## MATERIAL TO PROCESS
★ ★ ★ ★
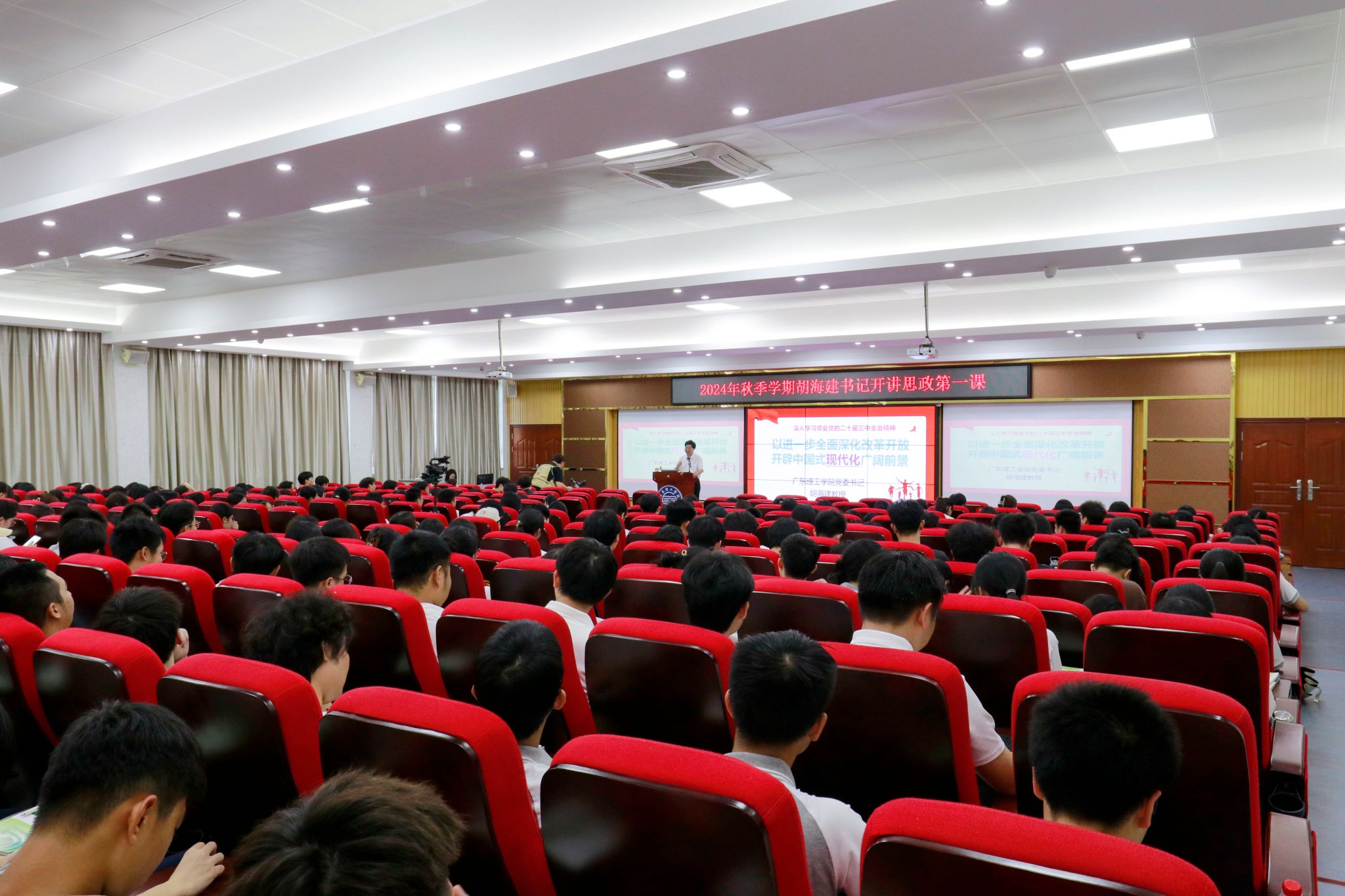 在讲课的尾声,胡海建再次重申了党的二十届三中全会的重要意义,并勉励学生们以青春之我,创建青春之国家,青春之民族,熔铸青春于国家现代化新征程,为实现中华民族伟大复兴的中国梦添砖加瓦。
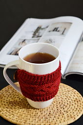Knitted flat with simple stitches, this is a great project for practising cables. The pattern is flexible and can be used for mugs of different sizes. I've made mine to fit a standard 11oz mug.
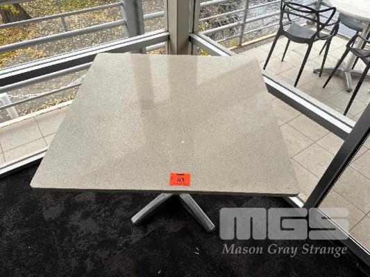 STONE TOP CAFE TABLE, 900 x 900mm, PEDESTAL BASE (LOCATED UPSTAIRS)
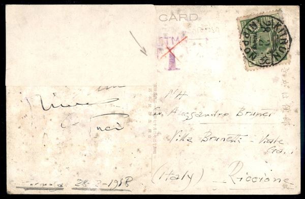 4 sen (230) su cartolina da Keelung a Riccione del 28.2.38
★ ★ ★ ★
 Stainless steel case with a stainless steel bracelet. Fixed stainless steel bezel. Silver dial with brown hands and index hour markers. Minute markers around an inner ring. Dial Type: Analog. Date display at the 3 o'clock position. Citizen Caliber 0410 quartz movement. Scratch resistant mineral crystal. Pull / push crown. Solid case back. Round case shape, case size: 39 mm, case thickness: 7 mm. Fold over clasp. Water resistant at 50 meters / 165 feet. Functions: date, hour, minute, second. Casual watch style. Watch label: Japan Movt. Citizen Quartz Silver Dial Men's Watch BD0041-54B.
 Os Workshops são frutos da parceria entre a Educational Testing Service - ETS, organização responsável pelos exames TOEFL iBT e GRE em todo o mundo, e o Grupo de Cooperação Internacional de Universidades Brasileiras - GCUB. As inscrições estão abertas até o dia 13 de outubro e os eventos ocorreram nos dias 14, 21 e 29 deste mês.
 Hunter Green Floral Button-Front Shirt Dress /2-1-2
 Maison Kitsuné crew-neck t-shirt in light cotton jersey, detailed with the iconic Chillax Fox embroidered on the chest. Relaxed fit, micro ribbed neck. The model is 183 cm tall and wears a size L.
★ ★ ★ ★
## DIRECTIONS FOR THIS TASK
Within the entries above, the lines from the one containing "在讲课的尾声,胡海建再次重申" through the one containing "4 sen (230)" are to be transcribed exactly, ends included, pictures excluded.

## EXPECTED OUTPUT
 在讲课的尾声,胡海建再次重申了党的二十届三中全会的重要意义,并勉励学生们以青春之我,创建青春之国家,青春之民族,熔铸青春于国家现代化新征程,为实现中华民族伟大复兴的中国梦添砖加瓦。
Knitted flat with simple stitches, this is a great project for practising cables. The pattern is flexible and can be used for mugs of different sizes. I've made mine to fit a standard 11oz mug.
 STONE TOP CAFE TABLE, 900 x 900mm, PEDESTAL BASE (LOCATED UPSTAIRS)
 4 sen (230) su cartolina da Keelung a Riccione del 28.2.38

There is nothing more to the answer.